Archive for June, 2008

The 2019 season is almost here and it’s time to discuss my attitude towards Regens in Master League. At this stage of a career the established players who populated the game at the beginning all start to retire. I’m thinking of the likes of Rooney, Torres, Gerrard, Kaka—all among the very best players that the game has to offer. Lots of PES players forbid themselves from having Regens or Classic players

My policy on Regens and Classic players is simple: I’m allowed to have them. Next-gen PES2008 and a certain Mr Elcherino apart, they’re not overpowered for me in ‘original’ PES and they never have been. I’m only an average PES player and the Regens don’t ruin my game—they enhance it. Part of the fun of playing an ML career indefinitely all year, as I do, is bearing witness to the comings and goings of the great players. When Rooney retires—as he will in the next few seasons—and returns as a 17-year-old, will he be as good or better than he was the first time around? In my experience, the Regens are usually better, because you get the opportunity to develop them from the start of their new career or soon afterwards. That’s if you can get them as soon as they regenerate, of course.
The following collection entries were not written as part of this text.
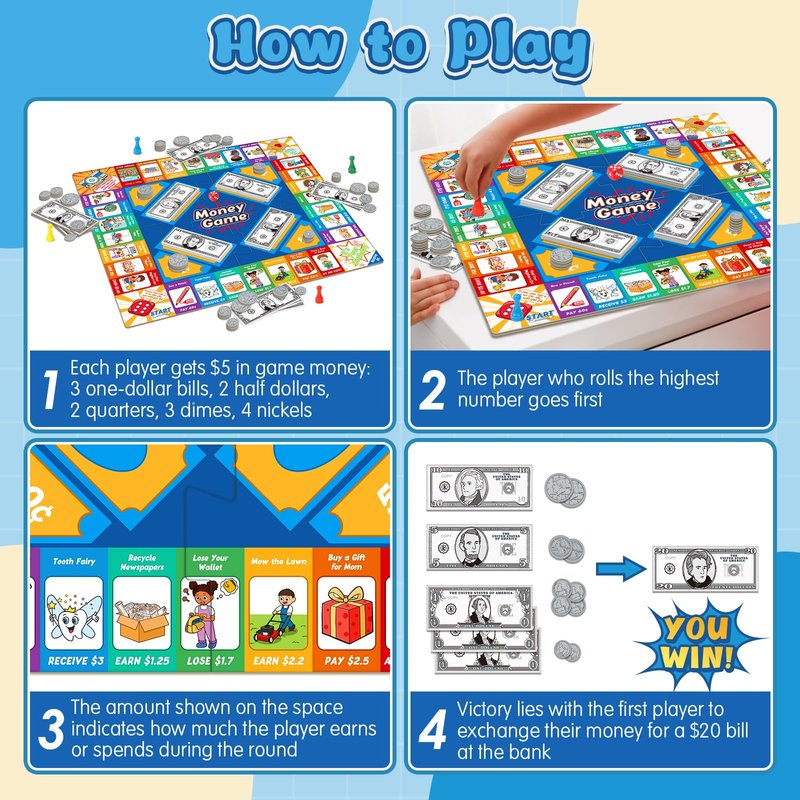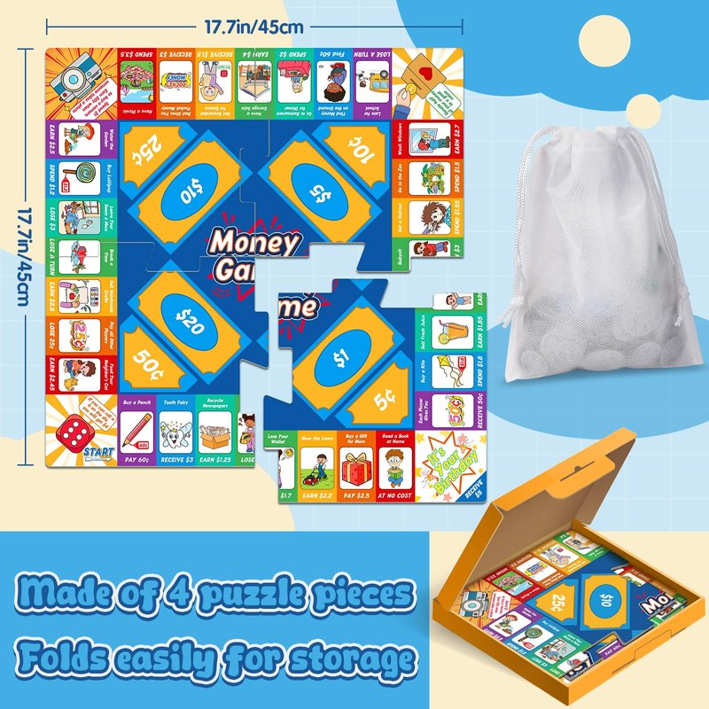 - Complete Game Set – Includes 1 money game board, 1 dice, 4 colorful pawns, 85 play coins, 60 play dollar bills, 1 storage bag, and 1 teaching guide for easy play and storage
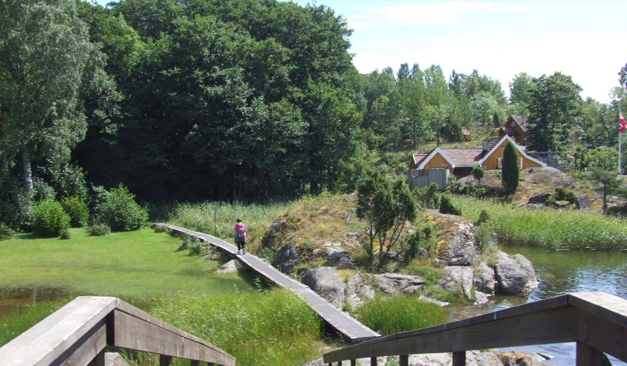 - Kryss Løvøysundet på gangbru over til Sandøya. Fortsett på merket sti nordover på myk skogbunn gjennom barskog i retning mot Dikkon. Spis varmt måltid eller iskrem på Dikkon kafè. Her serveres det også gratis kaffe.
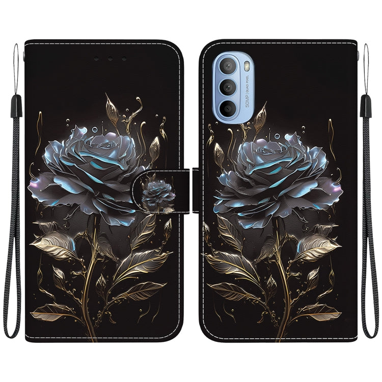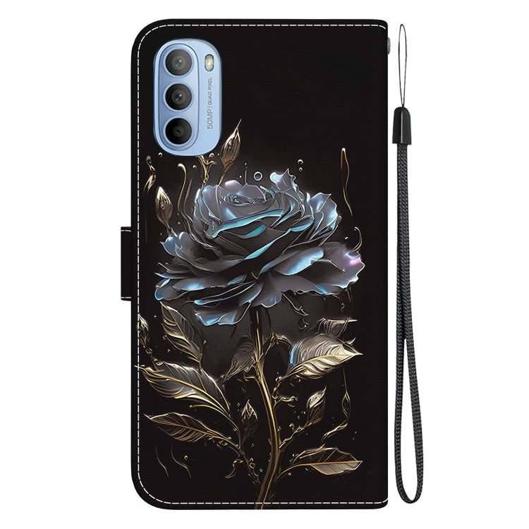 Funda de Cuero para Motorola Moto G51 con Dibujo Coloreado y Textura de Cristal (Rosa Negra)

You have to keep a close eye on the Youth list to catch the Regens you want as soon as they regenerate. Otherwise an AI club will swoop in for them and you’ll end up having to pay a king’s ransom further down the line. But sometimes that’s okay. If I’ve got a large squad and I’m always playing big games, a raw 17-year-old won’t get many appearances. Often it’s more efficient to let a young player develop at another club for a few seasons before trying to get him. By this stage of an ML career, money is usually no object.

Thierry Henry was sitting in the Non-Affiliated list just waiting to be picked up. He’s 20 years old. Obviously he must have popped up as a Regen a few seasons ago and I somehow missed seeing him (which was very sloppy of me). The peculiar thing is that no AI club snapped him up, which is what usually happens to the great Regens. Never mind. I was happy to find him waiting for me to give him a home.

Another striker I picked up, albeit on a ‘proper’ transfer, was a 24-year-old Christian Vieri. This player was a semi-legend for me back in the halcyon days of PES5. He’s only young at the moment and looking good again. I offered his club Shevchenko+a few thousand points for him, and of course they took my offer. Shevchenko was disappointing for me. He always seemed rather lightweight on the ball, and he lacked his legendary pace. In a game where every great attacking player has got explosive pace, Shevchenko just seemed rather ordinary. Maybe next time, Andriy.

Back in the Non-Affiliated list (I do flit around among these lists during a transfer period) I found a quality centre-back called Runzal, and added him to my squad. Last season I just felt I was conceding too easily too often. I still don’t know what is at greater fault, my carelessness or the more open, attacking play of PES2008. It’s probably a mix of both, but a top-quality extra CB won’t hurt.

Back in the Youth list proper, I couldn’t see any legends reborn. So I located and got a couple of solid old PES names—Chivu and Caracciolo. Chivu will be a good replacment for Roberto Carlos at LB when the latter eventually ages and declines, as he will inevitably do at some stage. Caracciolo was a great striker for me on next-gen PES2008—yes, yes, yes, everyone is a great striker on the shallow next-gen PES2008, but I’m curious to see how the big man performs here in a classic PES. These two are both 17, so their opportunities in the coming few seasons will be limited. I will try to play them whenever I feel I can get away with it, though.

Regarding my First XI, it’s time to make a long-overdue decision. Kim Cyun Hi has to go and sit on the bench, at least for now. He’s been a very good striker but, for me, hardly the prodigious talent that other PES players have found him to be. I suppose it comes down to differing play-styles as well as a certain random element within individual Master League careers. I’m sure Kim will be an excellent stand-in striker when called upon, as he often will be.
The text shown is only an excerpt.